In Round 2 of the Apple iPhone FBI court dispute, in which the court ordered Apple to alter the iPhone used by San Bernardino shooter Syed Farook, the Feds have filed a Motion to Compel Apple to comply with the order, in which they mention, in passing in a footnote, that the San Bernardino County Department of Public Health (SBCDPH) actually changed the password to the iCloud account to which the phone was backing up, thwarting any further backups of the phone’s data, between the time it was recovered from Farook’s vehicle, and handing it over to the FBI.
We think, given the very serious nature of the possible rippling and longerm effects of the outcome of this lawsuit, that burying this potentially crucial bit of information in a footnote, in a follow-up motion, let alone not revealing it at all in their lawsuit, rises nearly to the height of malfeasance on the part of the government.
In the U.S. Federal government’s Motion to Compel Apple to Comply with the Court Order, in nearly exactly the middle of a 35 page document, the Feds buried, in the middle of a very long, wordy footnote on page 18, this information: “..the owner, in an attempt to gain access to some information, in the hours after the attack, was able to reset the password remotely, but that had the effect of eliminating the possibility of an auto-backup.” [Note: “the owner” refers to the San Bernardino County Department of Public Health, who had issued the iPhone (a/k/a the “SUBJECT DEVICE”) to Syed Farook as part of his employment.]
To spell this out in plain English, Syed Farook’s iPhone was in the custody of a governmental agency after the shooting, and before it was handed to the FBI. And during that interim period, that governmental agency was able to – and did – reset iCloud password for the account to which the iPhone was, presumably, auto-backing up its data, before handing it over to the FBI.

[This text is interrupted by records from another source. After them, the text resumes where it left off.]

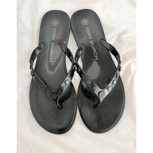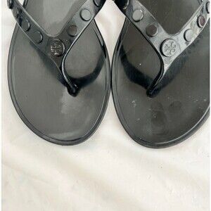 Tory Burch Studded Jelly Flip Flops Thong Sandals Black Size 8
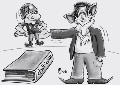הקהיליה הבינלאומית, לפי הקריקטורות היא זו שנותנת הכשר לכל פעולותיה של ישראל. בקריקטורה הבוקר מהעיתון "א-שרק אל-אווסט" ניתן לראות כי הקהילה הבינלאומית מתירה לישראל להשתמש בפצצות קטנות יותר מול הפלסטינים:
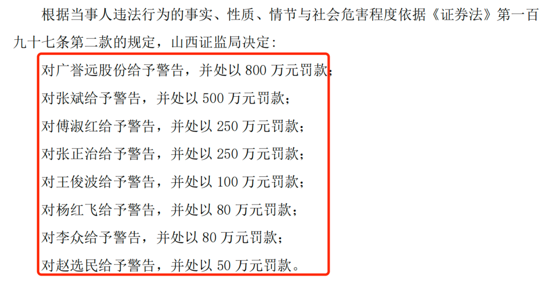 此外,证监会对广誉远时任各个责任人都给予警告处分,并处以不同金额的罚款。
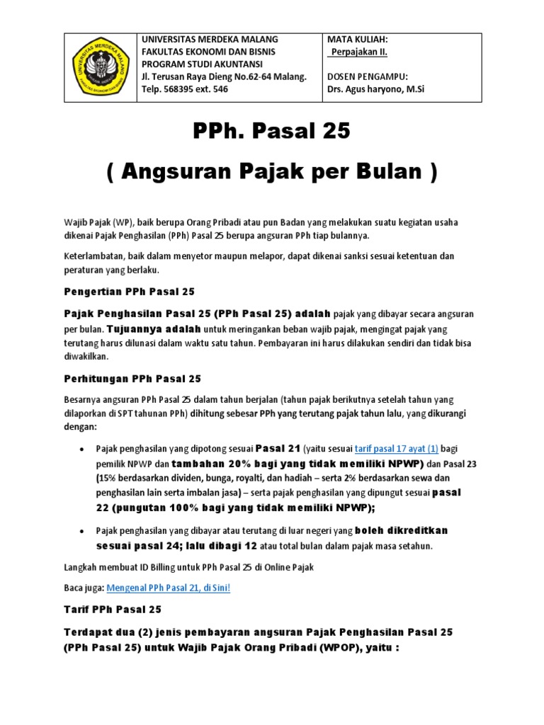 Pph Pasal 25 1 Pph Pasal 25 Landasan

Meaning that the most current data on the phone was not retrievable through the iCloud account because the phone could no longer log into the iCloud account, because the phone did not have the new iCloud account password.
In an apparent CYA (Cover Your Ass) move, San Bernardino county sent out this message after the Feds filed their Motion to Compel with the now-infamous Footnote 7, explaining that they had done so at the FBI’s request, saying that “The County was working cooperatively with the FBI when it reset the iCloud password at the FBI’s request.”
Meaning that the FBI could likely have obtained the very information they were seeking from Farook’s iCloud account (remember that data stored in the cloud is very easy to get, in fact if it’s there for over 180 days they don’t even need a warrant), but for their action of having the iCloud account password changed!
This information could potentially have allowed Apple additional defenses to the action, defenses which could very well have affected the outcome, including the possibility for the court to have ordered something very different based on the fact that there may have been a screw-up before (or after) the phone arrived at the FBI’s labs. Or possibly the court even dismissing the case, as but for the FBI’s own actions, along with San Bernardino county’s actions, they would likely already have the data. (And let’s not get into the fact that this demonstrates that no matter how secure and private you think your data on your iPhone is, once it leaves your phone to your iCloud account, all bets are off.)
Apple was deprived of that information, and so deprived of the opportunity to mount their best defense to the Feds’ demands.
It will be very interesting to see what Apple’s lawyers do with this.